265 A.D. 519 | N.Y. App. Div. | 1943
The Administrator of Veterans ’ Affairs appeals from an order fixing allowances to the attorney for the accountant and to the special guardian for the incompetent. He contends that the allowances under the circumstances here present are too large. ■
The incompetent in this proceeding is a disabled ex-soldier. His mother was duly appointed his committee on or about March 29, 1921. She died on or about April 17,1939, and her administratrix filed the account of the mother as committee and asked to have the same judicially settled. It appears that the estate of the incompetent consists entirely of funds received from the Veterans Administration. It also appears that the deceased committee filed accounts annually from the date of her appointment in accordance with section 1379 of the Civil Practice Act and that these accounts were examined by one of the referees appointed by this court to examine the accounts of committees of incompetent persons. The deceased committee was charged with having received over the period of nineteen years $38,163.47 and with having expended for or on behalf of the incompetent $33,451.78, leaving a balance of $4,711.69 which with an adjusted service certificate in the amount of $214 made a total of $4,925.69, the net estate of the incompetent as of the date of the accounting.
At the time of settlement of the account the subject of fees and allowances was before the court. The attorney for the Administrator of Veterans’ Affairs pointed out that the incompetent in this proceeding is not being maintained in any institution and requires the major portion of his income for his support and maintenance, and that any allowances made by the court would of necessity be payable from the principal assets of the estate, notwithstanding that fact the. order appealed from allowed for the services of the attorney for the accountant the sum of $600 and for the services of the special guardian the sum of $400, a total of $1,000.
It appears that the deceased committee, mother of the incompetent, prompted by the desire to conserve the estate of the incompetent, refrained from taking commissions to which she was entitled and, further, despite a court order entitling her to withdraw $156.47 per month for the support and maintenance of the incompetent and herself, she voluntarily reduced her withdrawals to $86.47 monthly when compensation paid by the Veterans ’ Bureau was reduced. If it were not for this sacrifice on the part of the committee, the mother of the incompetent, in all probability there would be no estate in existence at this time.
The provisions of article 81-A of the Civil Practice Act and the regulations of the Administrator of Veterans’ Affairs have simplified the work incident to an accounting by the committee of an incompetent veteran. To a large degree the work has become purely clerical. Allowances to an attorney for the accountant and to the special guardian of the incompetent veteran should be made with this in mind. These incompetent veterans should be protected by the court as they are the wards of the court and their estates must be conservatively supervised.

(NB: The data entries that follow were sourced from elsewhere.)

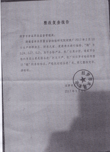 对汨罗市永晟米业不合格的产品公示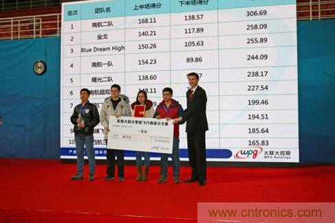 本次大赛评审委员会由大联大、白金级赞助商恩智浦(NXP)和行业内专家共同组成,经过对所有参赛飞行器软硬件架构、外观设计、现场飞行平稳度和精准度等方面的综合考量,来自南京航空航天大学南航二队参赛队的四轴飞行器凌空号作品表现优异,以306.69的总分最终获得了本届大赛的总冠军。北京科技大学的金戈参赛队和郑州航空工业管理学院的Blue Dream High参赛队分别获得了亚军和季军。
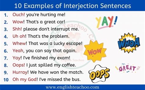 write 10 sentences with interjection

In view of the circumstances of this proceeding, we are of the opinion that an allowance of $250 to the attorney for the administratrix and of $100 to the special guardian is full compensation for the services rendered. The order appealed from should be modified accordingly, and as so modified affirmed, without costs.
Townley, Glennon, Cohn and Callahan, JJ., concur.
Order unanimously modified by reducing the allowance made to the counsel for the administratrix to the sum of $250, and to the special guardian to the sum of $100, and as so modified affirmed, without costs.